BROWN & WELSH, P.C. V. WILLIAM A. PROKOP
DOCKET NO. CV96-0252097S
SUPERIOR COURT OF CONNECTICUT
JUDICIAL DISTRICT OF NEWHAVEN, AT MERIDEN
1996 Conn. Super. LEXIS 1022
April 18, 1996, Decided
April 19, 1996, FILED
MEMORANDUM OF DECISION
RE APPLICATION TO COMPEL ARBITRATION AND APPOINT ARBITRATORS
The plaintiff and defendant entered into a written contract under the terms of which the plaintiff would perform certain legal services for which the defendant would pay a fee. The contract also contained a provision whereby, “in the event we ever have a disagreement about our fees that we cannot resolve between ourselves, we agree to submit the dispute to the Connecticut Bar Association’s Committee for the arbitration of fee disputes.” Such a dispute in fact did arise. The plaintiff thereupon submitted the matter to the Connecticut Bar Association, but the defendant allegedly failed to respond to the demand for arbitration.
The defendant was duly served with a copy of the present writ, summons, unsigned order for arbitration, application to compel arbitration and appoint arbitrators, exhibits, and order of notice. The defendant has not appeared.
At the short calendar of March 28, 1996, the plaintiff appeared with two alternate drafts of an “order for arbitration”, one ordering the defendant to submit to arbitration before the Connecticut Bar Association’s panel and, should he fail to do so, ordering the panel to proceed in his absence. The second alternative adds a provision that if the Bar Association does not appoint the necessary arbitrators within sixty days of the date of the order, Attorney Thomas Luby is appointed as the sole arbitrator.
The plaintiff has sued the defendant, who has failed to comply with the terms of an arbitration clause and who, in accordance with General Statutes § 52-410, et seq., may be compelled by a Superior Court to do so. The plaintiff is therefore entitled to an order compelling the defendant to submit to arbitration in accordance with his contract. Beyond that, however, the court declines to enter orders in accord with either of the plaintiff’s alternatives.
The plaintiff also complains that the Connecticut Bar Association violated its own rules when it closed out its file after the defendant failed to respond to the demand for arbitration. The plaintiff, however, has not made the Connecticut Bar Association a party to this action, and this court therefore has no jurisdiction to compel it to do anything.
The alternative order would have this court name Attorney Thomas Luby as the arbitrator in lieu of the Connecticut Bar Association. It is clear that under General Statutes § 52-411, this court has that authority. The court sees nothing in any of the pleadings, however, suggesting that Mr. Luby is ready, willing and able to accept such an appointment. Absent such an indication, this court is not going to order him to accept an appointment in which he may have no interest.

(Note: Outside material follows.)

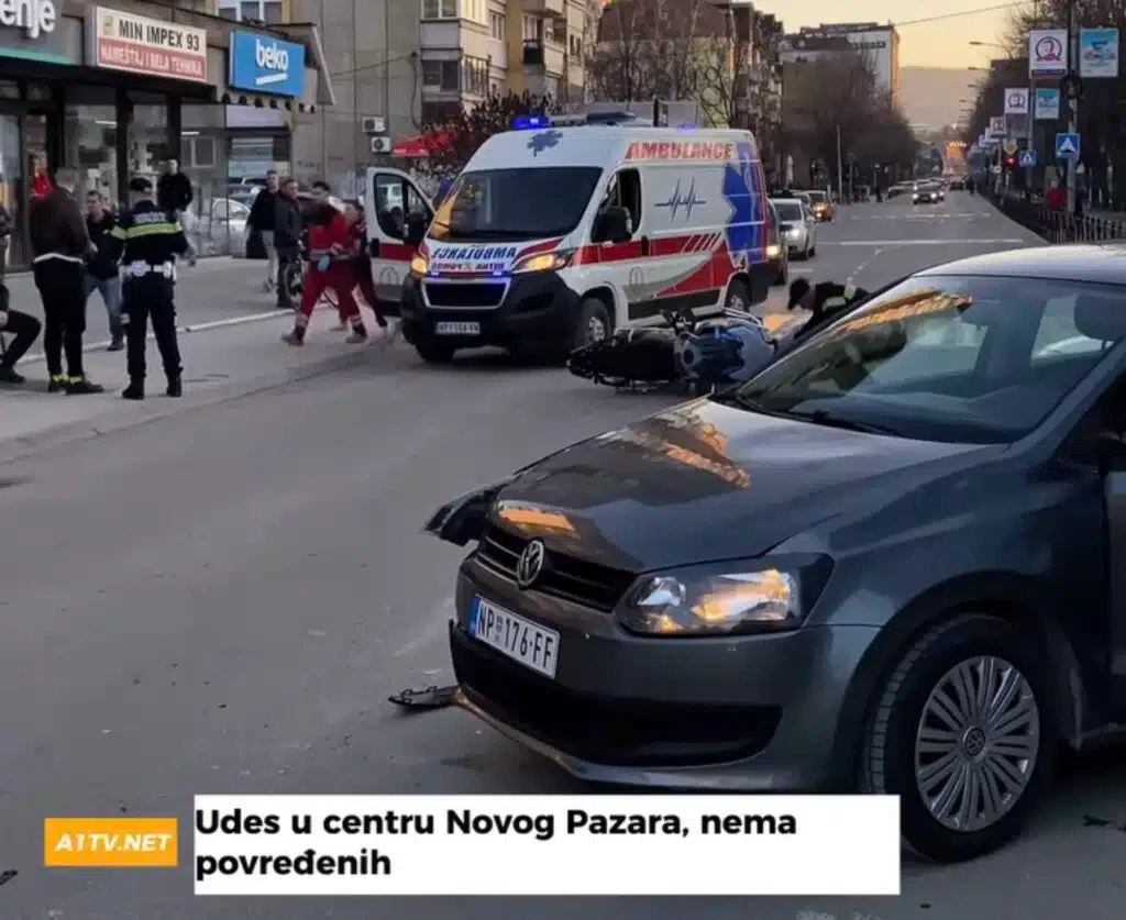 Nema povređenih u saobraćajnoj nezgodi koja se dogodila u centru grada. Prema dostupnim informacijama, sudarili su se putničko vozilo i motocikl.

Parenthetically, the court notes that, in addition to the two proposed orders, the plaintiff submitted a document entitled “Memorandum of Decision” for this court’s signature. This “Memorandum of Decision” purports to analyze the legal issues and chastises the Bar Association for its refusal to proceed with the arbitration even in the defendant’s absence.
It is not clear what precisely the plaintiff intended the court to do with this purported “Memorandum of Decision.” Did it expect the court to plagiarize it, simply signing the document and conveying to the world the impression that it was the court’s work? Did it expect the court to sign the document, but include a footnote or other acknowledgment thanking the plaintiff for doing its writing for it? The court assumes that the plaintiff had neither of these in mind, but was merely trying to be helpful, in which case the plaintiff, in the future, should confine its efforts to the more traditional “Memorandum of Law” and let the court write its own decisions. If the court is particularly enamored of any portion of such a memorandum of law, it can always include it in its memorandum of decision through the time honored process of excision and agglutination.
It is therefore the order of this court that William A. Prokop submit to arbitration before the Connecticut Bar Association’s fee dispute panel. If he fails to appear and submit to the fee dispute panel, then that panel may proceed in his absence because he signed a written agreement to submit any fee dispute to such panel and to be bound by its decision. This order is entered without prejudice to the plaintiff’s seeking, with appropriate documentation, an additional order for the appointment of a new arbitrator, should for any reason the arbitration not take place before the Connecticut Bar Association fee dispute panel.